Posted by: Open Blogger at 08:58 AM




Comments

(Jump to bottom of page)

1 "Forsooth! By faith I fear that the Firth of Forth will be the fifth Firth to sally forth!" he frothed.

Posted by: Seamus Muldoon at May 22, 2016 08:54 AM (NeFrd)

2 Oh, and first!

Posted by: Seamus Muldoon at May 22, 2016 08:54 AM (NeFrd)

3 Good morning bookworms, still reading HMS Surprise, on the 8th chapter

Posted by: Skip at May 22, 2016 08:54 AM (3wHFl)

4 Good morning!

Today is Arthur Conan Doyle's birthday.
Short write up on his pre writing life in nic

Posted by: @votermom at May 22, 2016 08:56 AM (7lVbc)

5 Brought up David Horowitz's new book Progressive Racism this morning on the EMT.I might get it.

Posted by: Skip at May 22, 2016 09:00 AM (3wHFl)

6 Got my autographed copy of The Law of Self Defense this week.

Would love to start it, but am pounding away atYou Will Be Made To Care, which I ordered as well after last weeks book thread.

MY father has always been a deep studier of the scripture, and concerned about the watering down of biblically based positions by mainstream Churches.
So I ordered him a copy of this book as well.
I think he is beginning to see the implications clearer now.


So thanks for two book recommendations last week.

Posted by: Village Idiot's Apprentice at May 22, 2016 09:01 AM (ptqRm)

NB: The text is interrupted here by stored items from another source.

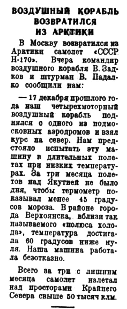 В Москву возвратился из Арктики самолет «СССР Н-170». Вчера командир воздушного корабля В. Задков и штурман В. Падалко сообщили нам: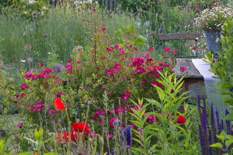 Kletterrose, Rose 'Chevy Chase', Polygonum polymorphum 'Johanniswolke'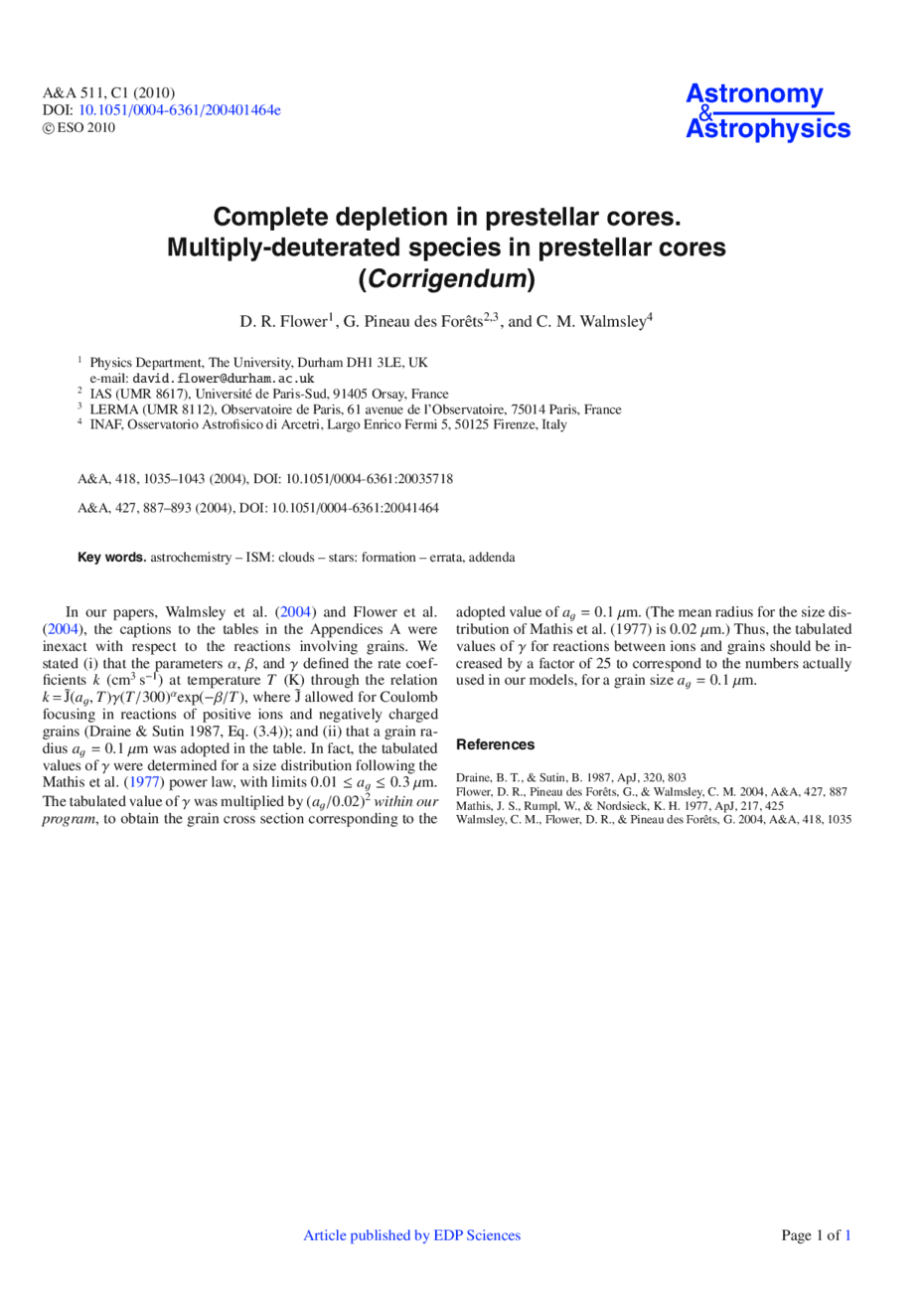 Key words: astrochemistry / ISM: clouds / stars: formation / errata, addenda
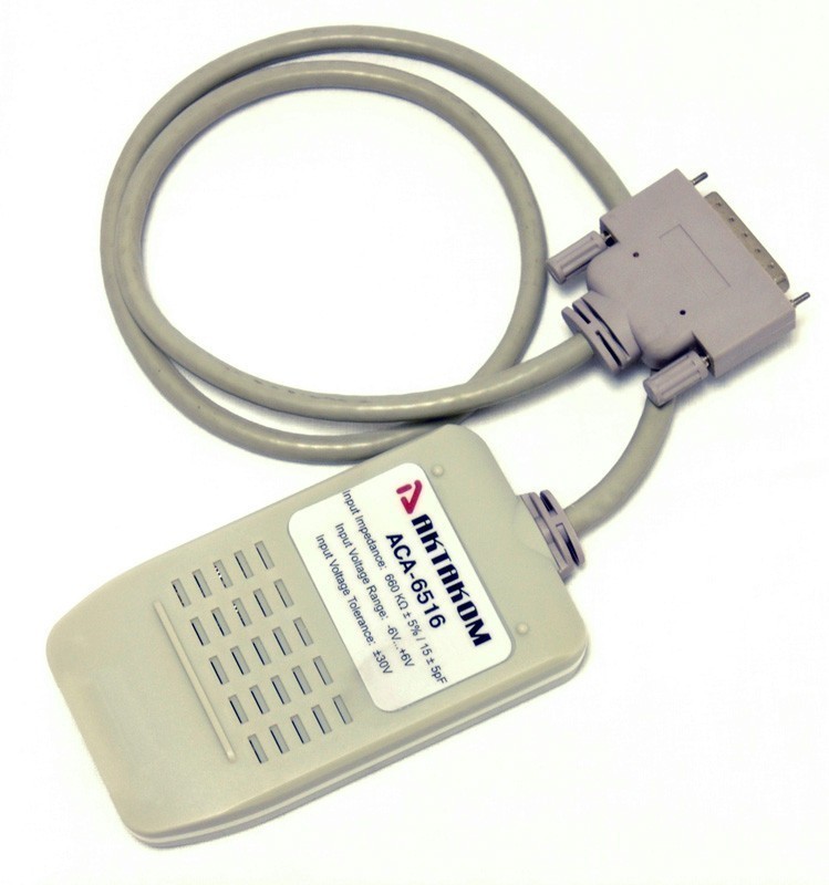Вставьте разъем кабеля логического пробника АСА-6516 во входной разъем на передней панели осциллографа и закрепите его двумя винтами. С другой стороны логического пробника подключается 16-ти канальный модуль с зажимами (пробниками). Подключите зажимы к источнику сигнала. Прибор готов к проведению измерений

7 Ah the local bookstore, a dying breed.


Still working on the Jack Ryan series. I am up to A Debt of Honor now. And I have the first three of those Mack Bolon Executioner series waiting in the wings when I finish this (thank you OM for that heads up this week) and a trip to the library to get the Master And Commander book. I was not too impressed with the movie but I hear the book is better. And Amazon has a nice gouging price for the book. It costs more for the Kindle book than it did for the DVD movie.

Posted by: Vic We Have No Party at May 22, 2016 09:02 AM (vvmPQ)

8 The Hiss book will be found on Progressive's bookshelves next to Howard Zinn's history book.

Soon, it will become accepted cant. "Hiss was framed! The lie about his Soviet involvement has been completely discredited!"

Posted by: Mike Hammer, etc., etc. at May 22, 2016 09:02 AM (9mTYi)

9 I can't believe stupid liberals are promoting Alger Hiss is "innocent BS". Even the Russians have admitted he was guilty as sin. I suppose these are the same people that claim the Rosenbergs were innocent too.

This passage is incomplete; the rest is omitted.